■ **INSTRUCTIONS TO FOLLOW**: The result should be the lines from the one holding "de streepjes ..." to the final line of the records below, repeated exactly and with no pictures.

+ + + + +

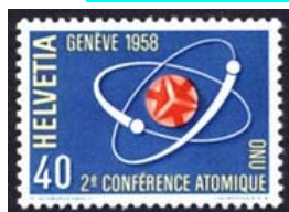
Timbre-poste émis en 1958.
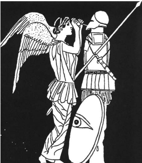
Fig. 1. Detalle de la pélice del Museo de Boston ("Pintor del Trofeo", siglo V a. C.), en el que una Niké construye el trophaion .

Olimpia por Milcíades, posiblemente después de Maratón, o quizá antes 8 .
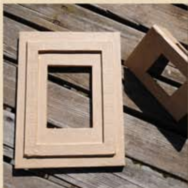
Le cadre est sec
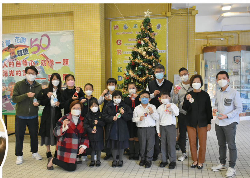
吳校長、老師和同學們一起佈置聖誕樹
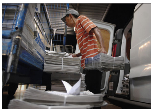
2 h 30 , fin de la répartition entre les livreurs qui débutent leur tournée nocturne.
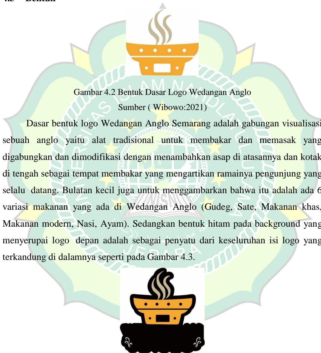
Gambar 4.3 Hasil Penambahan Bentuk Visualisasi Background dan Asap
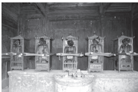
▲図版 27 広恵宮内に置かれた神像。左から郭榮佑夫妻、張謹の外甥、張八婆、張八公。

そして、午前10時半頃、英節廟に戻る。行きも帰りも爆竹で祝福される。神輿が英節廟に帰還し、廟内にはいる瞬間神輿の担ぎ手たちが勢いよく走り込む(図版28)。この光景は神がみの力を示すものなのだろう。興味深かった。また、祖神らがすべて安置されると、村の女性たちが神がみに向けて改めて祈りを捧げる(前掲図版16)。
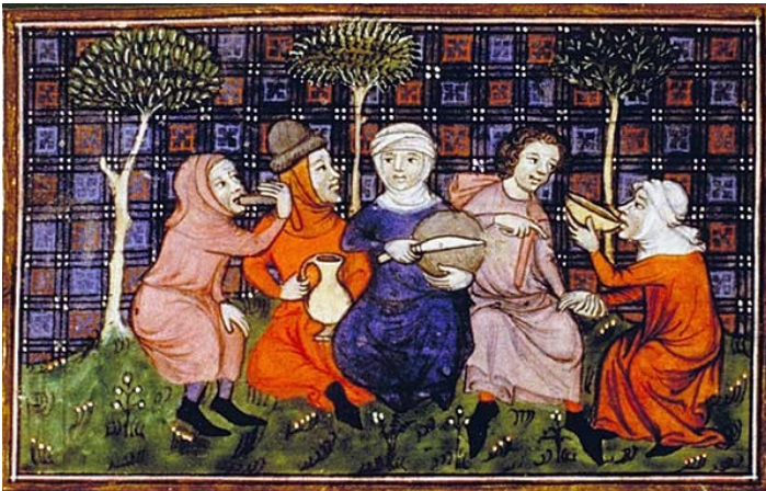
Livre du roi Modus et de la reine Ratio, 14e siècle

Contrairement à la noblesse, les laboratores consomment peu de viande. Quand il y en a, il s'agit surtout de viande de bœuf mangée bouillie et non rôtie.
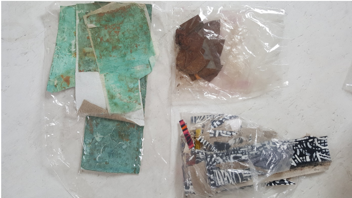
...stukjes bladkoper; bewerkt met chloor; gevonden stukjes oud ijzer en de streepjes ...

“Mijn ‘streepjes-trek-leraar’ werkt nog steeds door. In heel veel schilderijen komen zwart-wit streepjes voor. Die streepjes zet ik op stukjes schilderslinnenafval, dat ik weer in fragmenten verwerk in ander werk. Vroeger waren het zwart-wit streepjes, nu verwerk ik ze ook in kleur. Die streepjes, dat is wel een gek verhaal. Ik had een paar linnen schoentjes die ik aanhad toen ik bij iemand op bezoek ging. Maar het regende onderweg en de schoentjes zagen er na dat bezoek niet meer uit. Ik heb ze toen kapot gescheurd en dacht ‘daar kan ik iets mee’ en zo ben ik ze gaan verwerken in mijn werk.”
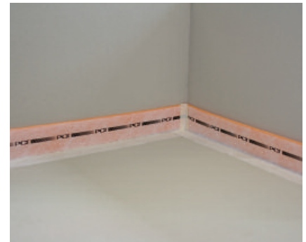
Mit dem selbstklebenden Randdämmstreifen PCI Pecitape Silent können Schallbrücken einfach und wirkungsvoll verhindert werden.
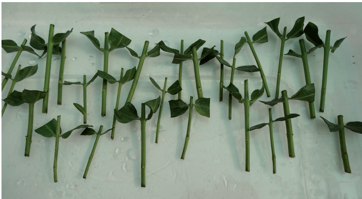
FIGURA 2. Esquejes binodales de Monttea chilensis utilizados para ensayos de enraizamiento.

Dada la ausencia de respuesta al tratamiento hormonal se diseñó y realizó un segundo experimento con tratamientos en dosis inferiores de la misma hormona (400, 800 y 1500 ppm), pero esta vez utilizando una solución acuosa para evitar un posible efecto fitotóxico por causa del alcohol, asegurando una buena dilución mediante agitación.
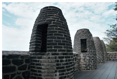
문화유적 복원사업 청통·신녕 봉수대 복원사업 (국가지정 사적지)
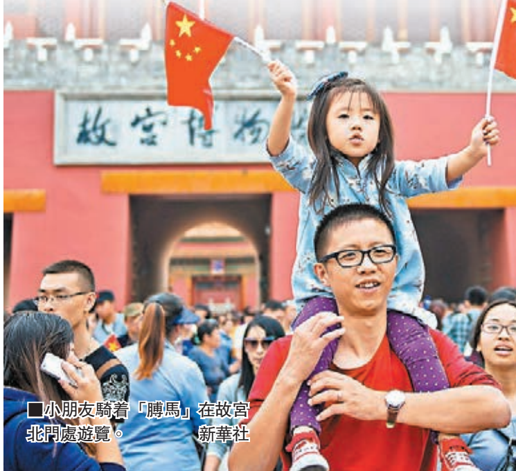
小朋友騎着「騰馬」在故宮北門處遊覽。
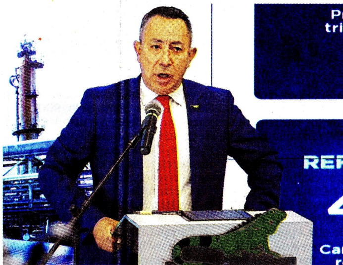
El presidente de Ecopetrol, Ricardo Roa, explicó ayer durante una rueda de prensa las razones de la caída de las utilidades.

2022. Además, su ebitda fue de 32,4 billones de pesos, y su margen ebitda, de 44,3 por ciento.
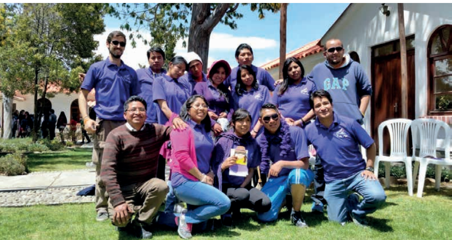
Juventud PMH en mision
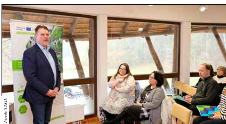
A város polgármestere is köszöntötte a konferencia résztvevőit
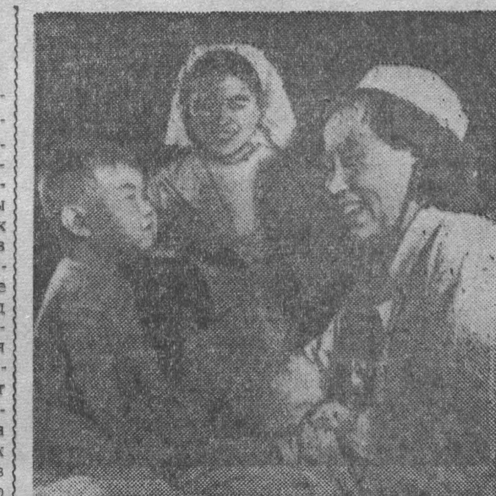
Корейская Народно-Демократическая Республика. В амбулатории Пхеньянского текстильного комбината.

Аме. металлурги по профессии, сказал Ф. Р. Козлов, было особенно
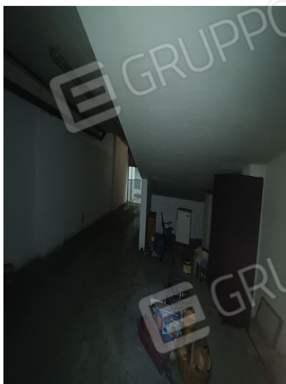
Vista della zona posteriore del box
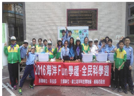
圖20海科館海洋小天使培訓與闖關活動
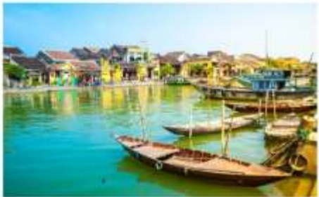
ฮอยอัน เมืองมรดกโลก
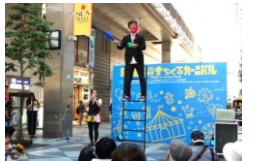
まちくるカーニバル
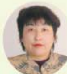
37 野澤喜代子 公明党

+ + + + +

■ **SOLUTION FOR THIS EXERCISE**:
...stukjes bladkoper; bewerkt met chloor; gevonden stukjes oud ijzer en de streepjes ...

“Mijn ‘streepjes-trek-leraar’ werkt nog steeds door. In heel veel schilderijen komen zwart-wit streepjes voor. Die streepjes zet ik op stukjes schilderslinnenafval, dat ik weer in fragmenten verwerk in ander werk. Vroeger waren het zwart-wit streepjes, nu verwerk ik ze ook in kleur. Die streepjes, dat is wel een gek verhaal. Ik had een paar linnen schoentjes die ik aanhad toen ik bij iemand op bezoek ging. Maar het regende onderweg en de schoentjes zagen er na dat bezoek niet meer uit. Ik heb ze toen kapot gescheurd en dacht ‘daar kan ik iets mee’ en zo ben ik ze gaan verwerken in mijn werk.”
Mit dem selbstklebenden Randdämmstreifen PCI Pecitape Silent können Schallbrücken einfach und wirkungsvoll verhindert werden.
FIGURA 2. Esquejes binodales de Monttea chilensis utilizados para ensayos de enraizamiento.

Dada la ausencia de respuesta al tratamiento hormonal se diseñó y realizó un segundo experimento con tratamientos en dosis inferiores de la misma hormona (400, 800 y 1500 ppm), pero esta vez utilizando una solución acuosa para evitar un posible efecto fitotóxico por causa del alcohol, asegurando una buena dilución mediante agitación.
문화유적 복원사업 청통·신녕 봉수대 복원사업 (국가지정 사적지)
小朋友騎着「騰馬」在故宮北門處遊覽。
El presidente de Ecopetrol, Ricardo Roa, explicó ayer durante una rueda de prensa las razones de la caída de las utilidades.

2022. Además, su ebitda fue de 32,4 billones de pesos, y su margen ebitda, de 44,3 por ciento.
Juventud PMH en mision
A város polgármestere is köszöntötte a konferencia résztvevőit
Корейская Народно-Демократическая Республика. В амбулатории Пхеньянского текстильного комбината.

Аме. металлурги по профессии, сказал Ф. Р. Козлов, было особенно
Vista della zona posteriore del box
圖20海科館海洋小天使培訓與闖關活動
ฮอยอัน เมืองมรดกโลก
まちくるカーニバル
37 野澤喜代子 公明党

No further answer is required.